As a further improvement of the present invention, the data acquisition unit further includes an administrator interface module, which is used to receive the fault feature item defined by initialization, and output the fault feature item to the fault feature library for storage.
As a further improvement of the present invention, the present invention further includes a Web client remotely connected to the fault processing unit and embedded in the visualization device, so as to create and display the operation status of each data node in the large-scale cluster server in real time, and a user can manually configure user configuration information through the Web client.

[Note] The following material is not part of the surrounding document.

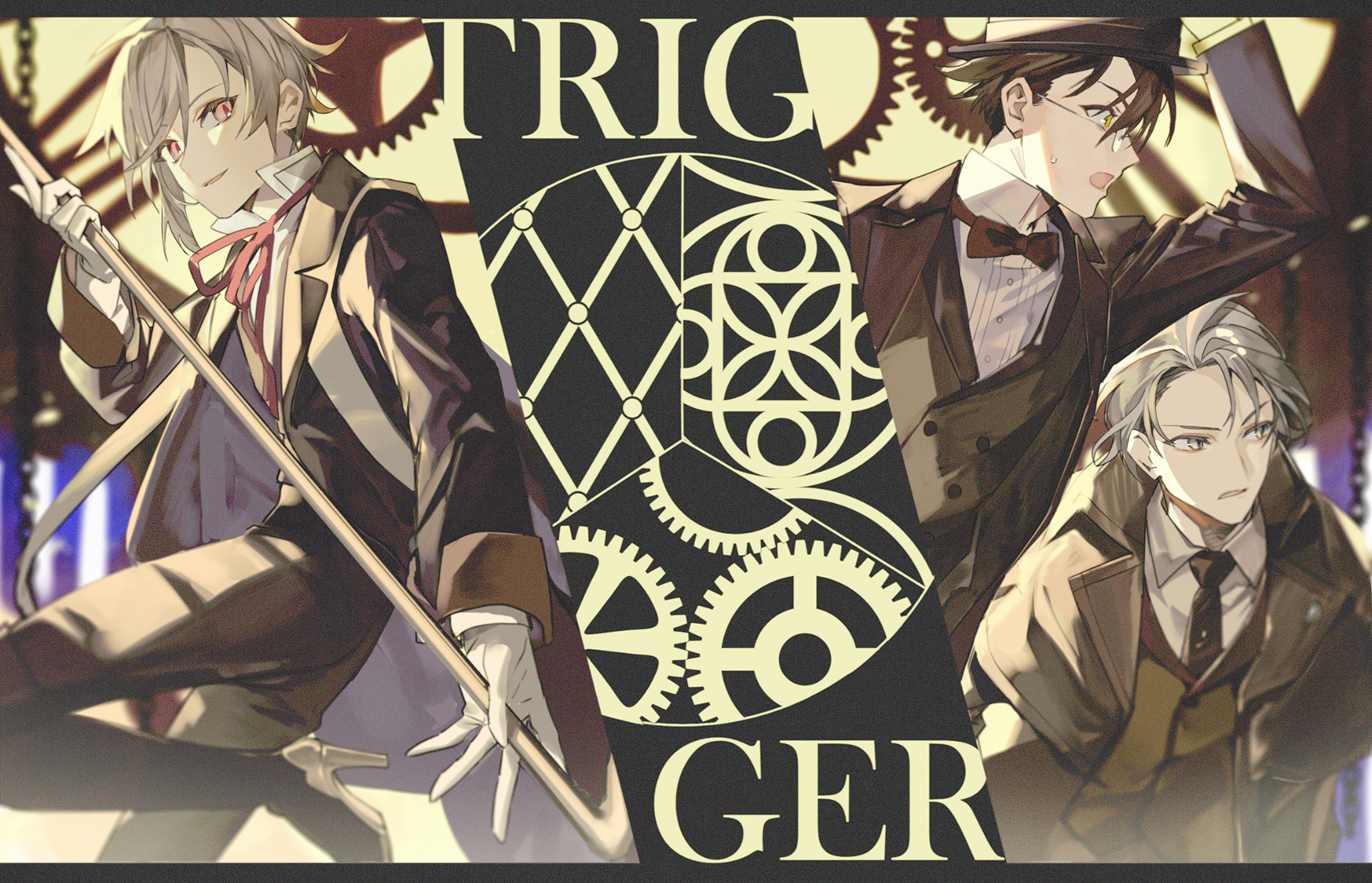 3boys brown_eyes brown_hair collared_shirt dot37_m formal_clothes glasses gloves grey_hair group_name highres idolish7 kujo_tenn long_sleeves looking_at_viewer looking_to_the_side male_focus multiple_boys necktie pink_eyes shirt short_hair suit trigger_(idolish7) tsunashi_ryunosuke tuxedo yaotome_gaku

As a further improvement of the present invention, the user configuration information includes: fault monitoring strategy, fault early warning strategy, fault recovery strategy and user-defined fault characteristic item.
As a further improvement of the invention, the visualization device comprises a mobile phone and a personal computer.
As a further improvement of the invention, the failure signature library comprises a MySQL database.
Compared with the prior art, the invention has the beneficial effects that: according to the invention, the data acquisition, early warning and fault resolution can be automatically carried out on the fault of each node in the large-scale cluster server based on cloud computing, so that the stability and the availability of the large-scale cluster server are improved.
Drawings
Fig. 1 is a schematic structural diagram of a monitoring management system based on cloud computing according to a first embodiment of the present invention;
fig. 2 is a schematic structural diagram of another embodiment of the monitoring management system based on cloud computing according to the present invention.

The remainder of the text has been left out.